All I want is an explanation of what each line in this definition means and how $\text{Sat}([φ],s)$ works. The only relevant thing that I have found is the following comment ( source ):  

He is referring to truth in the set-theoretic universe (not the natural numbers), and the class R is a truth function, for the clauses in the definition assert that R obeys the Tarskian recursion, and the final clause asserts that phi is true of s, according to the truth predicate R.

 A: That is the satisfaction predicate. It takes a formula and an assignment to the variables of the formula, and tells you whether or not the statement is true or false. 
Rayo's number is really just a complicated way of saying that it is the smallest number which larger than all those numbers definable in the set theoretic universe with a formula of at most googol symbols.
The catch, of course, is that almost always we talk about the natural numbers as their own entity, so naming large numbers is taken by talking about some function like $\rm TREE$, or Busy Beaver, or so on.
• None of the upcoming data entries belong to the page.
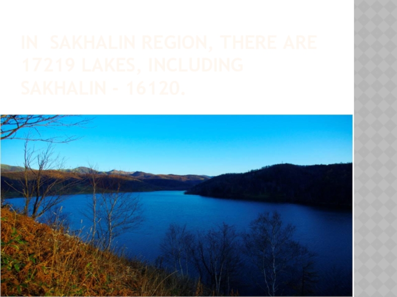 Слайд 5In Sakhalin region, there are 17219 lakes, including Sakhalin - 16120.
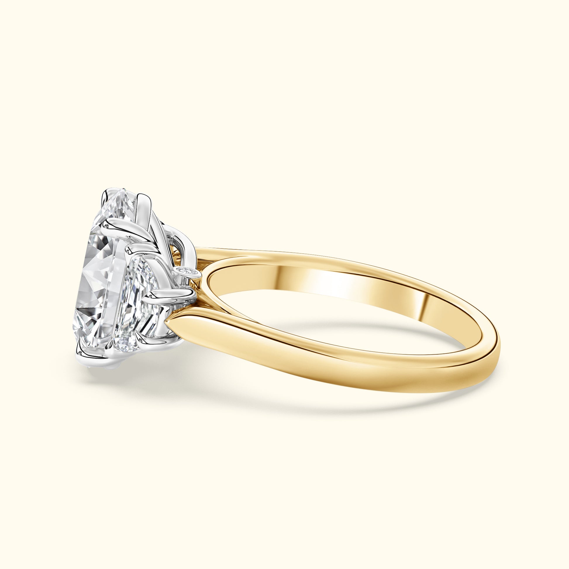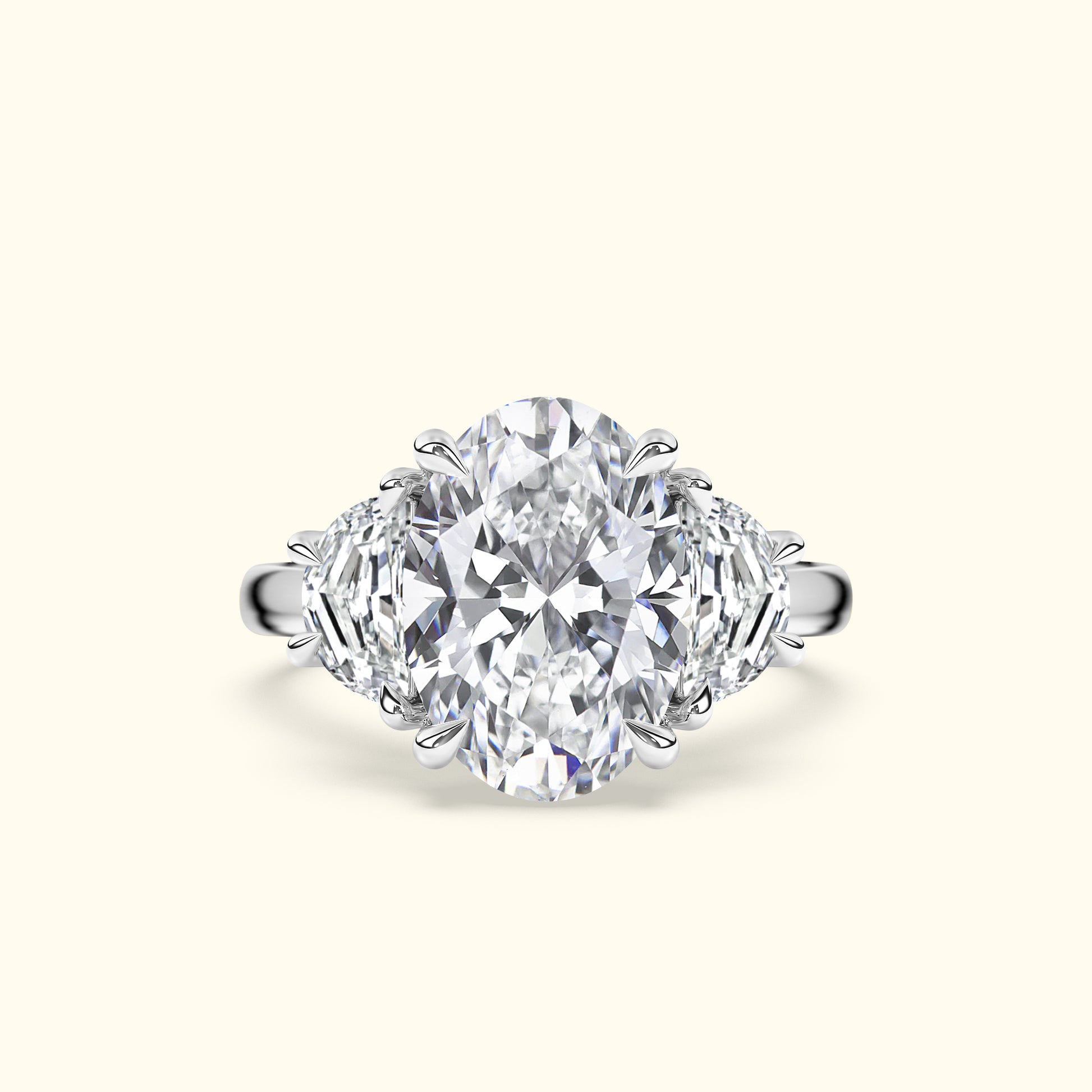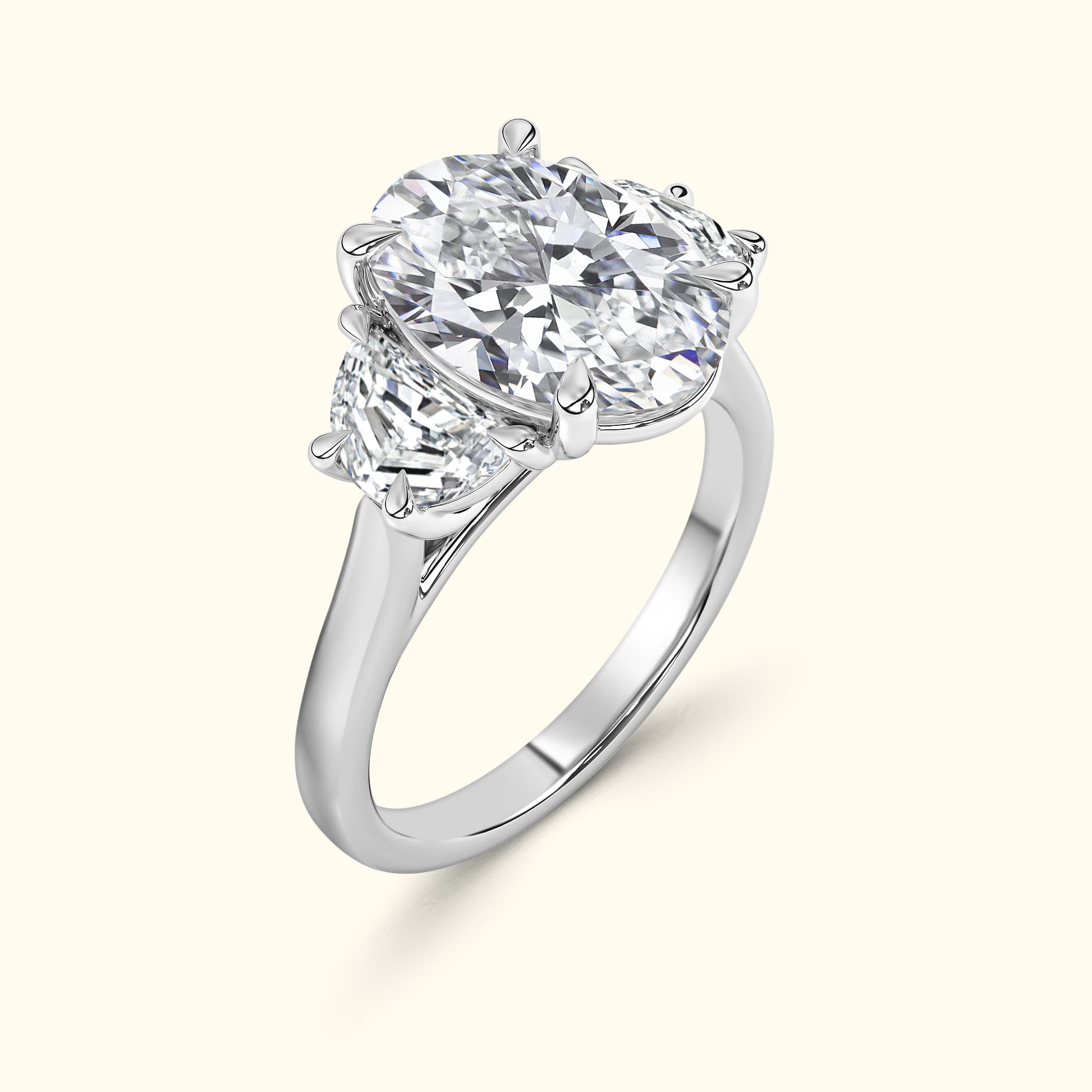 Graceful from every angle, this cathedral-set engagement ring features a dazzling oval center stone flanked by two radiant half moon diamonds. A hidden peekaboo diamond beneath the setting adds a secret touch of sparkle—because love is all about the little details.
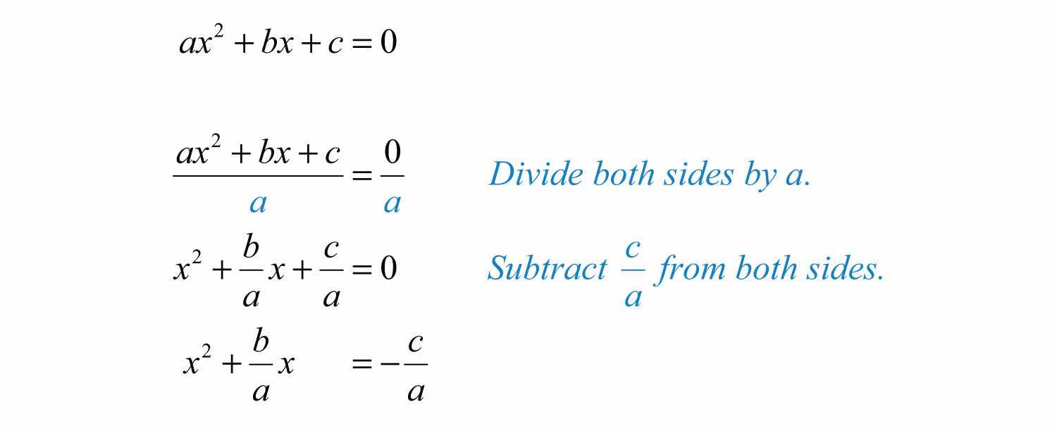 In this section, we will develop a formula that gives the solutions to any quadratic equation in standard form. To do this, we begin with a general quadratic equation in standard form and solve for x by completing the square. Here a, b, and c are real numbers and a0:

But the mathematical universe is so much larger. The set theoretic universe gives us tools much larger than just the natural numbers.
It also opens the door to the ills of independence, at least when playing this game of naming the largest number (e.g. $n$ is the least integer such that $2^{\aleph_n}>\aleph_{n+1}$, or $0$ otherwise). Which is why we need to refer to a fixed universe, and to the satisfaction relation of that universe.